RECORD EXTRACTS Block Start

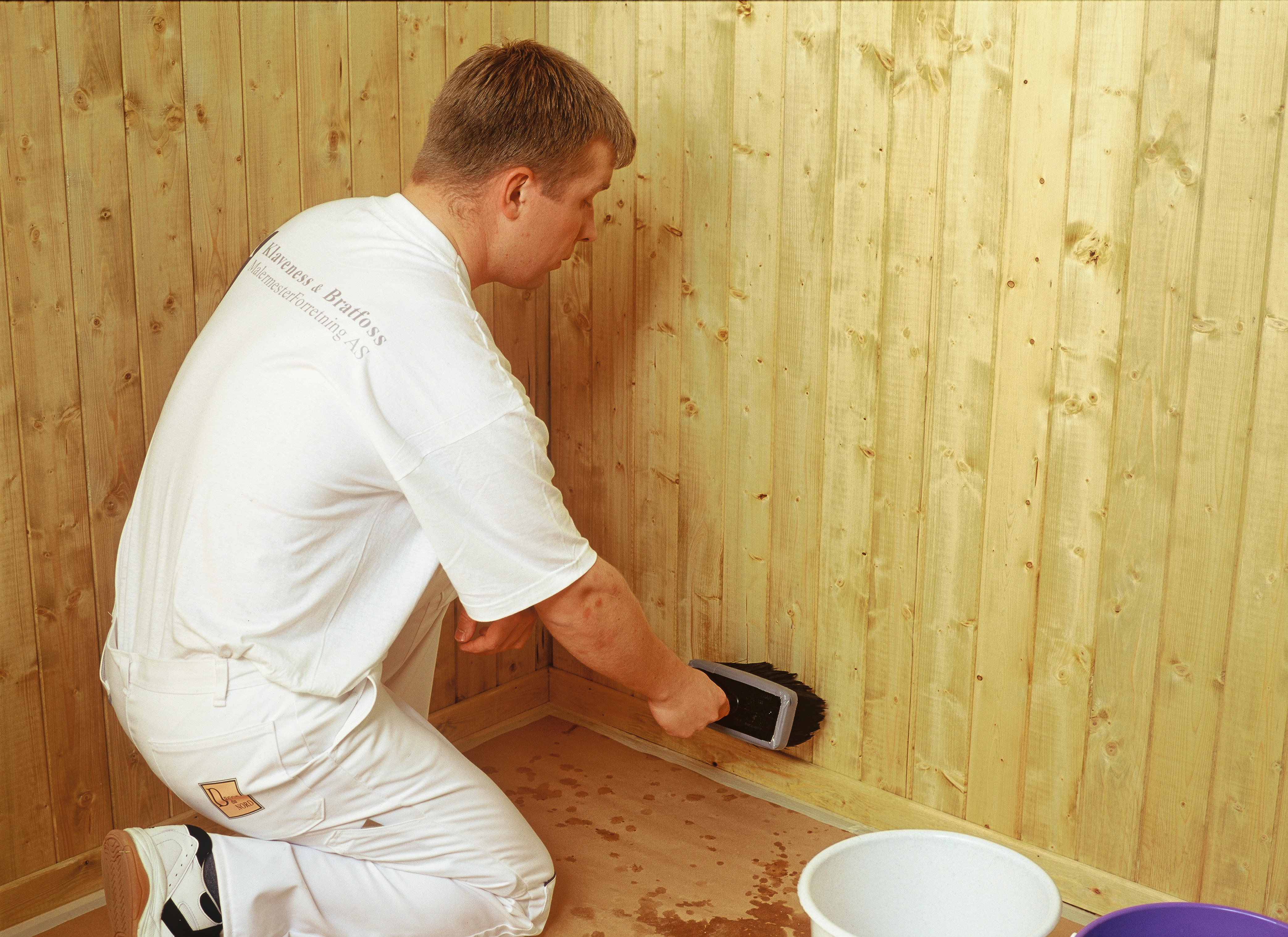 Maling av ubehandlet panel - ny og gammel Male vegger IFI.NOOppdatert 17.04.2012 (Publisert 14.04.2002) Alle gamle flater som skal males må rengjøres først. Etterfølgende arbeid er avhengig av hvor nøye du som oppusser er. Her har vi hentet råd fra malermester. Innhold Følg Dele Innhold Følj Følg ifi.no på Facebook, TikTok og Instagram.Registrer deg her og motta vårt nyhetsbrev, med nye artikler og nyttige tips 2-3 ganger i måneden. Motta nyhetsbrev Dele Send til epost Cancel Send Hvis panelen er helt ny, vurder om den trengs å vaskes. Gammel ubehandlet panel må alltid vaskes før maling. Tips:Treverk beveger seg hele tiden. Ved å grunne panelbordene før oppsetting unngås sprekker mellom panelbordene. Velger du denne framgangsmåten må hele prosessen gjennomføres: kvistlakk, utskraping av kvaelommer, sparkling og et strøk grunning. Bruk overmalbar akrylfugemasse langs tak, gulv, vegger og vinduer. Maling fester ikke til silikon, så bruk silikonmasse bare i overganger ved rørgjennomganger og lignende hvor det ikke skal males. Akrylfugemassen finnes i flere fargenyanser. Velg den som er så nær veggfargen som mulig. Legg ut en tynn streng langs listen, glatt ut med fingere og puss over med svamp. Gammelt panel vaskes med alkalisk vaskemiddel - ikke grønnsåpe. Bruk vaskekost for å komme lettere til. Start nederst på veggen og arbeid deg oppover for å unngå skjolder. Vaskemiddelet fås hos fargehandleren.Vær nøye med dosering av vaskemidlet. Følg alltid bruksanvisningen på emballasjen. Ha lite vann i bøtta. Skift vann ofte. Veggen blir ikke renere enn vaskevannet. Alkalisk vaskemiddel er sterkt. Benytt helst hansker under hele arbeidet. Bruk natursvamp til skylling/avtørking. Den suger lett og holder godt på vannet. Skyll to ganger, først nedenfra og opp, så ovenfra og ned. Alle kvister behandles med kvistlakk. Det gjelder spesielt for furu, men også for gran. Da forhindrer du utsiving av kvae og harpiks - noe som skjer når kvister blir overmalt, enten panelet er gammelt eller nytt. Ta lite på av gangen slik at du unngår sig. Lakken er overmalbar etter få sekunder. Skjær opp kvaelommer. De er fulle av harpiks som må skjæres ut, ellers vil flekkene komme frem en stund etterpå. Hullet vaskes med White Spirit for å få bort eventuelle rester. Påfør så kvistlakk. Sparkle hullet. Et stort hull bør sparkles tre ganger. Påfør heftgrunning på panel før sparkling og maling. Når grunningen er tørket er overflaten ru. Det er fibre i treverket som har reist seg etter påføring av grunningen. Det slipes lett av med slipepapir, slik at panelet blir glatt før overmaling. Det er lettere å oppdage sprekker og sår når underlaget har en farge. Grunningen underbygger dekkevnen til malingen, så velg en fargetone så nær den endelige fargen som mulig. Bruk riktig redskap. Velg en pensel som er like bred som panelbordene. En skråskåret pensel kommer lett til i mellomrom og ned mot belistning. Kvaehull, kvisthull og spikermerker sparkles med akrylbasert sparkelmasse for treverk. Dype hakk må sparkles tre ganger, de øvrige minimum to. Påfør en overmalbar fugemasse i alle sprekker og overganger mellom panel og listverk. Denne fugemassen er elastisk og sprekker ikke opp selv om treet beveger seg (slik vanlig maling gjør). Fugemassen kan etterslettes med en svamp eller med fingeren. Det sparklede treverket skal slipes. Lag slipe-pute ved å brette til papiret som vist på bildet. Da har du bedre føling med underlaget enn ved å bruke kloss. Bruk papir med korning 100. Etterpå støvsuges veggen. Masker eventuelle listverk med bred maskeringstape. Mal to strøk med din utvalgte farge på panelen. Det finnes både oljebasert og vannbasert maling til panel. Det første strøket sørger for godt dekke og jevnt inntrekk. Toppstrøket gir jevnt resultat Relaterte emner Male veggerMale taketVeggplater, panel og listverk Dette trenger du:Trerens (hvis panelet er gammelt) Kvistlakk Malepensel Skråskåret pensel Grunning (heftgrunn) Stålsparkel Sparkelmasse Akryl fugemasse Påføringspistol Natursvamp Maling Les også: Legg til huskeliste Se huskelisten din Hei, denne artikkelen er over 2 år gammel, og kan inneholde utdatert informasjon. Finn de siste artiklene om dette emnet. Vi anbefaler Rett skille mellom tak og vegg Mal fliser, i dusjen også Fra takplater til slette tak Male kjøkkenfronter som en proff Mer fra Male vegger Lyst treverk med blekelut Maling av takpanelet Beskyttelse og behandling med panellakk Kvisten lever, bruk kvistlakk Siste artikler Sjokolade, urter og smørtoner på kjøkkenet Mal panelet etter forholdene, ikke kalenderen Varme farger og myke former: Trendene fra Paris 2026 Bli kvitt knirk i gulvet
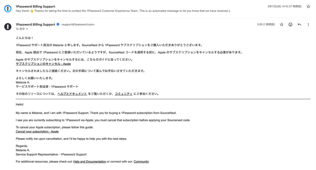 購入後、1Passwordから、ソースネクストコードを適用する前にAppleのサブスクリプションをキャンセルする必要があるメールが届きます。
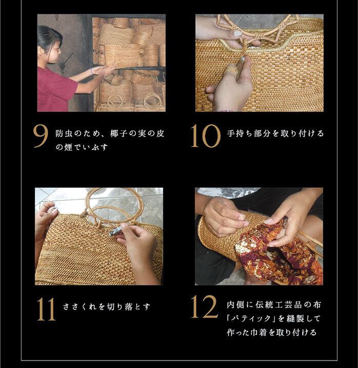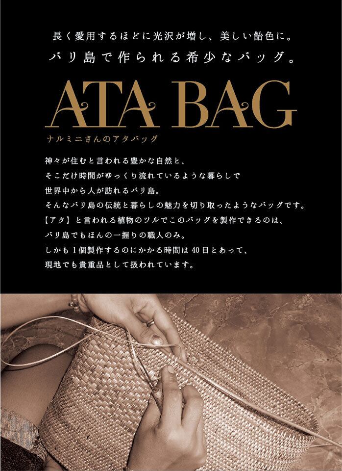 インドネシア・バリ島の熟練職人「ナルミニさん」が一つ一つ丁寧に編み上げた、希少なアタ素材のハンドメイドバッグです。
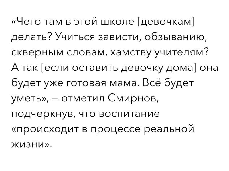 Любой может послушать эту передачу и убедиться, что батюшка рассказал конкретную историю о знакомой ему девочке из его прихода, которая, по всей видимости, находится на домашнем обучении и в 7 лет уже умеет читать и писать, помогает матери сидеть с младенцем. Да, с какими-то акцентами и в этом выступлении можно спорить, но из него никак, ну никак не следует, что “протоиерей Смирнов призвал не отдавать девочек в школу».”
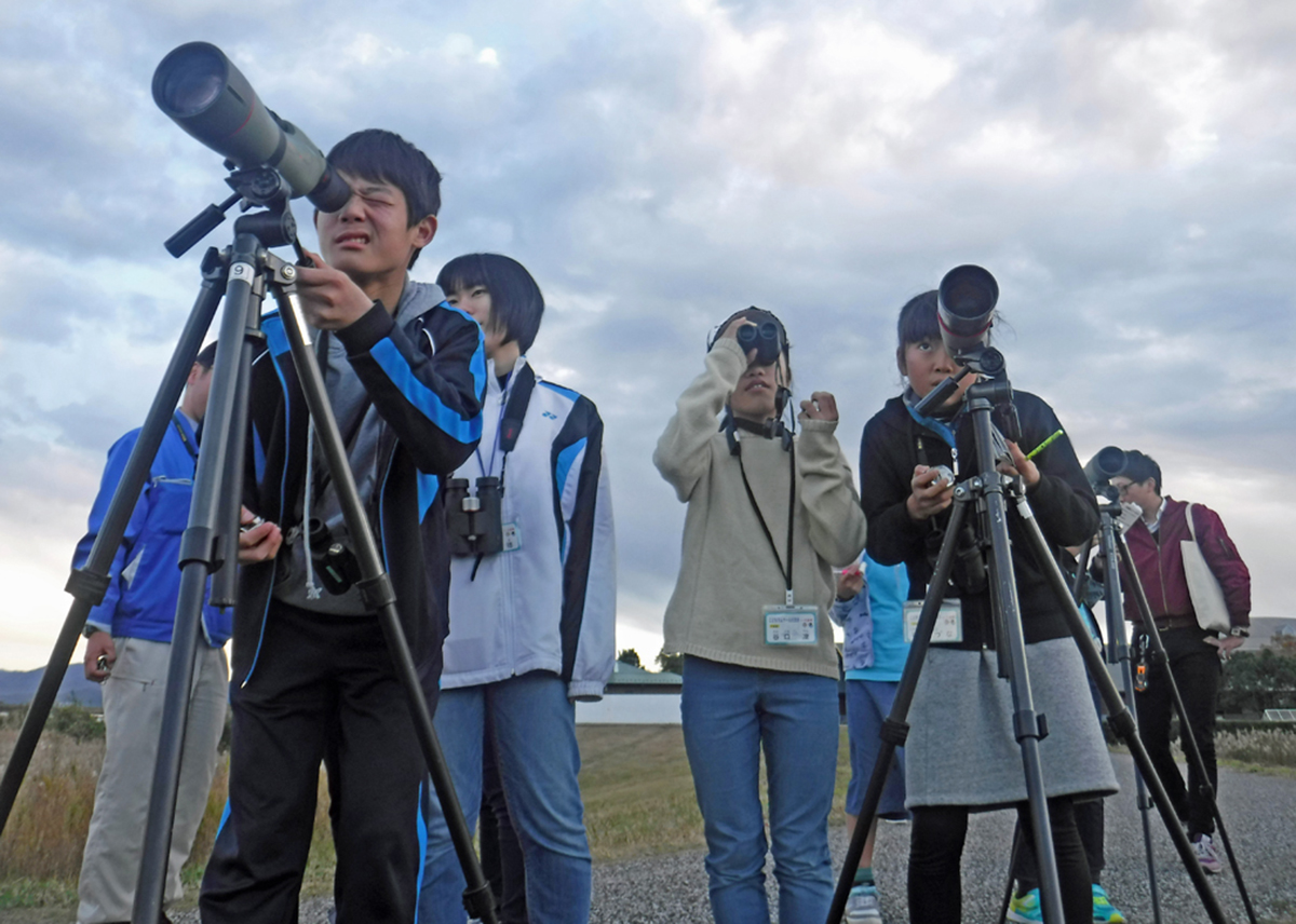 双眼鏡や望遠鏡、三脚の使い方をしっかり練習して、斐伊川河口と鳥ヶ崎に向かい、バードウォッチングを行いました。 斐伊川河口ではマガンの群れがたくさん休んでおり、みんなでカウントをして400羽のマガンを記録しました。 鳥ヶ崎ではスズガモとキンクロハジロがまざった群れを観察しました。群れとの距離はかなり離れていましたが、 その状態で2種のカモの特徴を見分けてみました。13時30分から16時までの観察時間で23種の鳥を観察することができました。
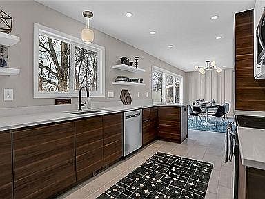 This handsome mid-century modern ranch on a quiet cul-de-sac has been given a distinctive new look that highlights its mid-century design. Inside you'll find a large, beautiful & bright new kitchen w/ quartz counters and SS appliances, plus 2 stylishly updated full bathrooms. The cheerful dining area has a great view of the new deck, fire pit & backyard while the living area has vaulted ceilings & a cozy gas fireplace with new tile surround All utilities are included in the rent

RECORD EXTRACTS Block End

**EXERCISE PROMPT**
Leaving the pictures out, print every line of the listing exactly.

**EXERCISE RESULT**
 Maling av ubehandlet panel - ny og gammel Male vegger IFI.NOOppdatert 17.04.2012 (Publisert 14.04.2002) Alle gamle flater som skal males må rengjøres først. Etterfølgende arbeid er avhengig av hvor nøye du som oppusser er. Her har vi hentet råd fra malermester. Innhold Følg Dele Innhold Følj Følg ifi.no på Facebook, TikTok og Instagram.Registrer deg her og motta vårt nyhetsbrev, med nye artikler og nyttige tips 2-3 ganger i måneden. Motta nyhetsbrev Dele Send til epost Cancel Send Hvis panelen er helt ny, vurder om den trengs å vaskes. Gammel ubehandlet panel må alltid vaskes før maling. Tips:Treverk beveger seg hele tiden. Ved å grunne panelbordene før oppsetting unngås sprekker mellom panelbordene. Velger du denne framgangsmåten må hele prosessen gjennomføres: kvistlakk, utskraping av kvaelommer, sparkling og et strøk grunning. Bruk overmalbar akrylfugemasse langs tak, gulv, vegger og vinduer. Maling fester ikke til silikon, så bruk silikonmasse bare i overganger ved rørgjennomganger og lignende hvor det ikke skal males. Akrylfugemassen finnes i flere fargenyanser. Velg den som er så nær veggfargen som mulig. Legg ut en tynn streng langs listen, glatt ut med fingere og puss over med svamp. Gammelt panel vaskes med alkalisk vaskemiddel - ikke grønnsåpe. Bruk vaskekost for å komme lettere til. Start nederst på veggen og arbeid deg oppover for å unngå skjolder. Vaskemiddelet fås hos fargehandleren.Vær nøye med dosering av vaskemidlet. Følg alltid bruksanvisningen på emballasjen. Ha lite vann i bøtta. Skift vann ofte. Veggen blir ikke renere enn vaskevannet. Alkalisk vaskemiddel er sterkt. Benytt helst hansker under hele arbeidet. Bruk natursvamp til skylling/avtørking. Den suger lett og holder godt på vannet. Skyll to ganger, først nedenfra og opp, så ovenfra og ned. Alle kvister behandles med kvistlakk. Det gjelder spesielt for furu, men også for gran. Da forhindrer du utsiving av kvae og harpiks - noe som skjer når kvister blir overmalt, enten panelet er gammelt eller nytt. Ta lite på av gangen slik at du unngår sig. Lakken er overmalbar etter få sekunder. Skjær opp kvaelommer. De er fulle av harpiks som må skjæres ut, ellers vil flekkene komme frem en stund etterpå. Hullet vaskes med White Spirit for å få bort eventuelle rester. Påfør så kvistlakk. Sparkle hullet. Et stort hull bør sparkles tre ganger. Påfør heftgrunning på panel før sparkling og maling. Når grunningen er tørket er overflaten ru. Det er fibre i treverket som har reist seg etter påføring av grunningen. Det slipes lett av med slipepapir, slik at panelet blir glatt før overmaling. Det er lettere å oppdage sprekker og sår når underlaget har en farge. Grunningen underbygger dekkevnen til malingen, så velg en fargetone så nær den endelige fargen som mulig. Bruk riktig redskap. Velg en pensel som er like bred som panelbordene. En skråskåret pensel kommer lett til i mellomrom og ned mot belistning. Kvaehull, kvisthull og spikermerker sparkles med akrylbasert sparkelmasse for treverk. Dype hakk må sparkles tre ganger, de øvrige minimum to. Påfør en overmalbar fugemasse i alle sprekker og overganger mellom panel og listverk. Denne fugemassen er elastisk og sprekker ikke opp selv om treet beveger seg (slik vanlig maling gjør). Fugemassen kan etterslettes med en svamp eller med fingeren. Det sparklede treverket skal slipes. Lag slipe-pute ved å brette til papiret som vist på bildet. Da har du bedre føling med underlaget enn ved å bruke kloss. Bruk papir med korning 100. Etterpå støvsuges veggen. Masker eventuelle listverk med bred maskeringstape. Mal to strøk med din utvalgte farge på panelen. Det finnes både oljebasert og vannbasert maling til panel. Det første strøket sørger for godt dekke og jevnt inntrekk. Toppstrøket gir jevnt resultat Relaterte emner Male veggerMale taketVeggplater, panel og listverk Dette trenger du:Trerens (hvis panelet er gammelt) Kvistlakk Malepensel Skråskåret pensel Grunning (heftgrunn) Stålsparkel Sparkelmasse Akryl fugemasse Påføringspistol Natursvamp Maling Les også: Legg til huskeliste Se huskelisten din Hei, denne artikkelen er over 2 år gammel, og kan inneholde utdatert informasjon. Finn de siste artiklene om dette emnet. Vi anbefaler Rett skille mellom tak og vegg Mal fliser, i dusjen også Fra takplater til slette tak Male kjøkkenfronter som en proff Mer fra Male vegger Lyst treverk med blekelut Maling av takpanelet Beskyttelse og behandling med panellakk Kvisten lever, bruk kvistlakk Siste artikler Sjokolade, urter og smørtoner på kjøkkenet Mal panelet etter forholdene, ikke kalenderen Varme farger og myke former: Trendene fra Paris 2026 Bli kvitt knirk i gulvet
 購入後、1Passwordから、ソースネクストコードを適用する前にAppleのサブスクリプションをキャンセルする必要があるメールが届きます。
 インドネシア・バリ島の熟練職人「ナルミニさん」が一つ一つ丁寧に編み上げた、希少なアタ素材のハンドメイドバッグです。
 Любой может послушать эту передачу и убедиться, что батюшка рассказал конкретную историю о знакомой ему девочке из его прихода, которая, по всей видимости, находится на домашнем обучении и в 7 лет уже умеет читать и писать, помогает матери сидеть с младенцем. Да, с какими-то акцентами и в этом выступлении можно спорить, но из него никак, ну никак не следует, что “протоиерей Смирнов призвал не отдавать девочек в школу».”
 双眼鏡や望遠鏡、三脚の使い方をしっかり練習して、斐伊川河口と鳥ヶ崎に向かい、バードウォッチングを行いました。 斐伊川河口ではマガンの群れがたくさん休んでおり、みんなでカウントをして400羽のマガンを記録しました。 鳥ヶ崎ではスズガモとキンクロハジロがまざった群れを観察しました。群れとの距離はかなり離れていましたが、 その状態で2種のカモの特徴を見分けてみました。13時30分から16時までの観察時間で23種の鳥を観察することができました。
 This handsome mid-century modern ranch on a quiet cul-de-sac has been given a distinctive new look that highlights its mid-century design. Inside you'll find a large, beautiful & bright new kitchen w/ quartz counters and SS appliances, plus 2 stylishly updated full bathrooms. The cheerful dining area has a great view of the new deck, fire pit & backyard while the living area has vaulted ceilings & a cozy gas fireplace with new tile surround All utilities are included in the rent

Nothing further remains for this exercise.